FILM

No Sweet 'Dream'
More gags than scares
By Rachel Deahl



After the winter we had, do you really want to watch a bunch of dudes trapped in a cabin?

If a horror movie should earn kudos for making you nauseous, then Dreamcatcher deserves a standing ovation. Traversing the icky, gooey territory of angry extraterrestrials, and wedding it to the intricacies of human gastroenterology, the latest Stephen King vehicle delivers more material worthy of a gag reflex than a serious scare.

Set in the familiar King territory of rural Maine, Dreamcatcher follows a reunion among four friends that spirals into a gory alien invasion. Bound by strange psychic powers, an unsteady professor (Damian Lewis), suicidal shrink (Thomas Jane), hard-drinking car salesman (Timothy Olyphant), and a wise-cracking loser (Jason Lee) get together for their annual hunting retreat in the deep north woods of the New England state. All haunted by their strange powers and troubled in their lives, the group reminisces about old times and the strange boy who changed them all in childhood. The group now finds themselves at the center of a horrifying tragedy.

After discovering a sickly hunter wandering in the woods, the boys take him in only to find that he's been infected with what the army has called "The Ripley." Appropriately dubbed for its similarity to the alien creature which ripped through the stomachs of the humans it inhabited in the movie Alien, the lethal parasites here take a more graphically unfortunate escape route from their hosts... further south.
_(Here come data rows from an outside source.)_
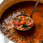 A hearty and healthy Mediterranean Lentil Soup featuring fire-roasted tomatoes, vibrant herbs, and nutrient-rich kale. This vegetarian soup is packed with plant-based protein and comforting flavors, perfect for cozy fall and winter meals.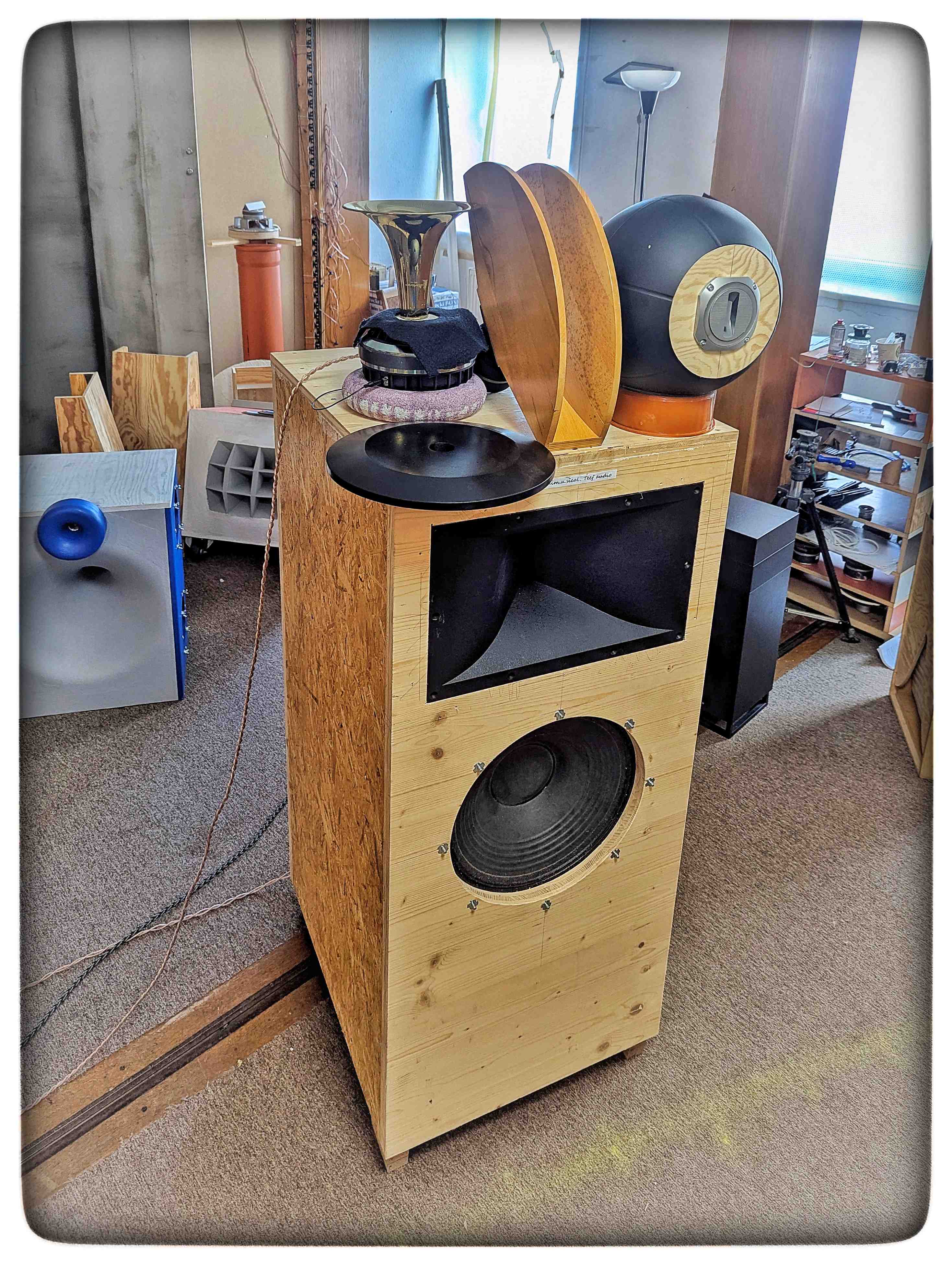 Rundum, hintenrum scheint zZ (siehe Dodekaeder) der Fokus meines Interesses zu sein. In und auf meinen Kühlschrank grossen Männerboxen sind drei Mitteltontreiber am Werk. Digital und räumlich möglichst zusammengerückt (Hörabstand 4 bis 9 Meter), versuchen sie, einen grossen gemeinsamen Abstrahlwinkel zu beschallen. 18"/15"/ 2"/2"/1"/ Beyma Schlitz. Die (nicht gebrauchte ) Hockersitzscheibe lässt den MT die Boxecke übersehen....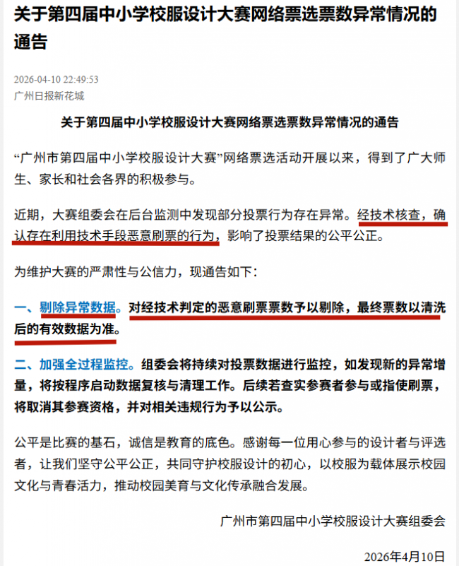 自2025年底以来,“广州是否将推行全市统一校服”话题持续引发热议。近日,广州市第四届中小学校服设计大赛网络票选结果正式出炉,网络评选阶段存在恶意刷票的情况更是引发关注,不少讨论质疑投票的合规性。对于“广州市第四届中小学校服设计大赛与统一校服是否有关联?获胜的设计方案是否将成为未来全市统一的校服样式?”的问题,广州市教育局4月14日明确向媒体答复:无关联性。广州的家长可以长舒一口气,但是与此同时,湖北、广东、河南、安徽等地的家长正在面临“一市一款”的苦恼。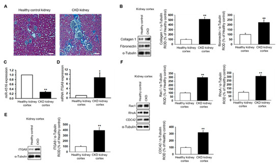 Expression of miR-4516 is downregulated in renal cortical fibrosis in a CKD mouse model. (A) In healthy mice (n = 3) or CKD mice (n = 3), hematoxylin and eosin (H&E) staining was performed on kidney sections (scale bar = 1000 μm). (B) Western blot analysis for collagen type 1, and fibronectin in the kidney cortex of healthy mice and CKD mice (n = 3). Protein expression was determined by densitometry relative to α-tubulin. The values represent mean ± SEM. ** p < 0.01 vs. healthy kidney cortex. (C,D) Expression of miR-4516 and ITGA9 was detected in the kidney cortex of healthy mice (n = 3) or CKD mice (n = 3) by quantitative real-time polymerase chain reaction (qPCR). The values represent mean ± SEM. * p < 0.05, ** p < 0.01 vs. healthy kidney cortex. (E,F) Western blot analysis for ITGA9, Rac1, RhoA, and CDC42 in the kidney cortex of healthy mice and CKD mice (n = 3). Protein expression was determined by densitometry relative to α-tubulin. The values represent the mean ± SEM. ** p < 0.01 vs. healthy kidney cortex.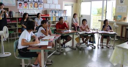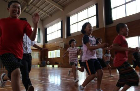 2・3・4年生が シュモン先生と 英語の勉強をしています。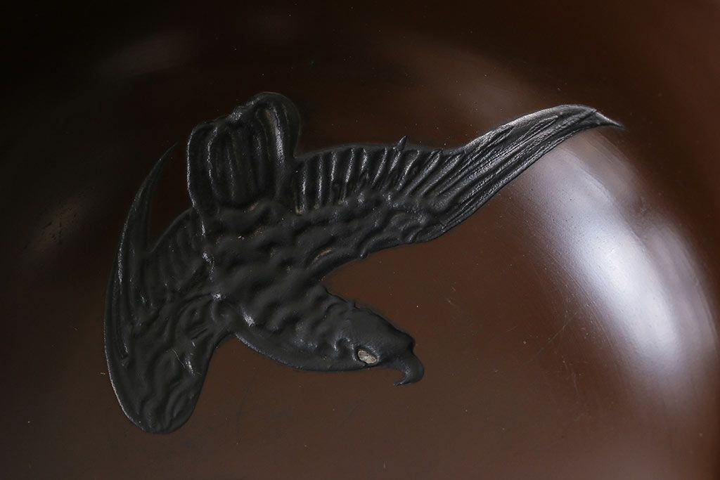 ラフジュ工房> 骨董・美術品> 骨董-漆器 > 和製アンティーク 花鳥図 金彩が鮮やかな木製漆器小鉢(向付、小皿、和食器)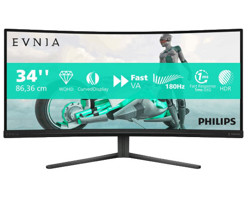 Le Philips Evnia 34M2C3500L combine une dalle VA incurvée de 34 pouces (1500R) et une définition 3440×1440 pixels pour un affichage immersif. Son taux de rafraîchissement de 180 Hz et son temps de réponse rapide assurent une image fluide, idéale pour les jeux compétitifs.

Quarantined by an insane military chief (Morgan Freeman) who's spent a lifetime fighting said aliens (and who already battled a virus in Outbreak), the boys slowly fall prey to the chief bad guy known as "Mr. Grey." Eager to simply wipe out the hundreds of civilians who've been infected by the parasite, the military's determined to leave no man standing in order to stamp out the threat.

Following too many fractured storylines and clocking in at about 45 minutes longer than it should, director Lawrence Kasdan's rendering of this simple Stephen King yarn is entirely too ambitious. Attempting to turn King's B-grade "little green men" tale into an intelligent, nuanced story about the fears without and within, Kasdan fails to make his film into the only logical thing it should have been: a campy horror flick. Instead, the director tries to soberly meld an insane Army captain (complete with a gun given to him by John Wayne), a mass alien invasion, and slimy, man-eating, oversized parasites with the stuff of mature drama.

In the end, as apropos as it was to name the evil E.T. force "The Ripley," the effect only recalls the classic sci-fi/horror blend that did all this so much better.